Passive ultrasonic activation is one of the predominant irrigation regimens in endodontic practise with the advantage of acoustic streaming that removes the intraradicular biofilm by increasing the shear stress on the walls of the root canal. Endoactivator is a sonic device that operates at a frequency of 1 to 8 kHz with the flexible plastic tips that do not stop when it comes in contact with root canal wall, and hence it can be used in curved canals.
Among irrigant agitation equipment, sonic and ultrasonic devices have been extensively tested (De Gregorio et al. 2009, Gu et al. 2009, Gulabivala et al. 2010). Sonic activation generates mechanical agitation primarily on the tip of files, whereas ultrasonic activation generates microstreaming around the file and a secondary acoustic streaming (Ahmad et al. 1987, De Gregorio et al. 2009, Gu et al. 2009, Gulabivala et al. 2010). Ex vivo studies in root canal systems with restricted flow through the apical foramen, which better simulates fluid flow in clinical conditions (Tay et al. 2010), revealed that penetration of solutions is enhanced by ultrasonics and, to a lesser degree, sonic activation (De Gregorio et al. 2009, Paragliola et al. 2010, Sainz-Pardo et al. 2014).
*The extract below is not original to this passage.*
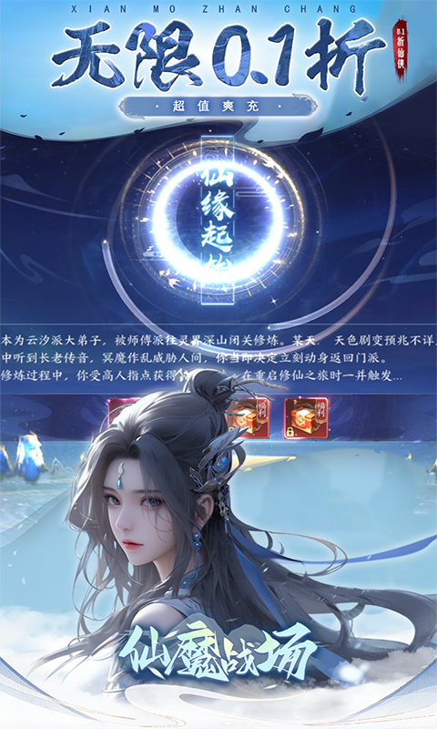 2024全新爆款3D仙侠手游力作《仙魔战场》火爆来袭!跟随主线,美轮美奂的仙侠世界就此展开,全新引擎打造,大地图任意传送,精美场景自由探索,五大职业职业任君挑选。即时战斗机制,江湖恩怨一触即发!不断磨炼自我,等级飙升,转生飞仙,问鼎魔狱巅峰!精准定位真实在线社交,修仙情缘系统,邂逅命中注定的TA,携手筑梦家园,双修加成提升快人一步,你在还等什么?!

In the present study, a long-term incubation of E. faecalis for 21 days was done since a short duration of 3 days would lead to the formation of young planktonic cells compared to 21 days incubation that leads to the penetration of microorganisms into dentinal tubules. Since we focused on the in-depth penetration of irrigants into the dentinal tubule, a long duration of incubation was selected.
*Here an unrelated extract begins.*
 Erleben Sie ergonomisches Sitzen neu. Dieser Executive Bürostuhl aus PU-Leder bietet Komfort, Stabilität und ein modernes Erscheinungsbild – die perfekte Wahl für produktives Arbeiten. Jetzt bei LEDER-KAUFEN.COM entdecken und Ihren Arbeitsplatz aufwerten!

In this study, the activation time was used at an interval of 20, 40, and 60 seconds. As a general rule, the greater the time of activation, the greater the canal cleanliness [Table 1]. Ultrasonic activation of NaOCl from 30 seconds to 1 minute for each canal with three cycles of 10 to 20 seconds (with constant irrigant renewal) seems to be a sufficient to obtain cleaned canals at the end of the preparation. Sodium hypochlorite along with passive ultrasonic activation, that is, Group III, showed an increased antimicrobial activity compared to the Group IV, V, and VI and the results were statistically significant [Table 2]. One of the reasons could be the higher frequency of 30,000 Hz and lower amplitude of 11 mm that during oscillation causes shear stress in root canal walls. The bacterial cell walls get teared off due to this high velocity and energy produced by the ultrasonic device. Furthermore, these ultrasonic devices can cause degassing of the solution and decomposition of molecules. In addition to these factors, the ultrasonic wave that vibrates in the irrigating solution can convert sound energy into heat, which leads to heat generation and increases in the temperature. In general, it is believed that sonic activation is seemingly less effective than the use of ultrasound as a more velocity fluid stream is induced with the latter. Furthermore, instrument size, tip diameter, instrument taper, confinement of the instrument within the canal, and the type of irrigants have an influence on the cleaning and disinfection efficacy associated with enhanced fluid streaming.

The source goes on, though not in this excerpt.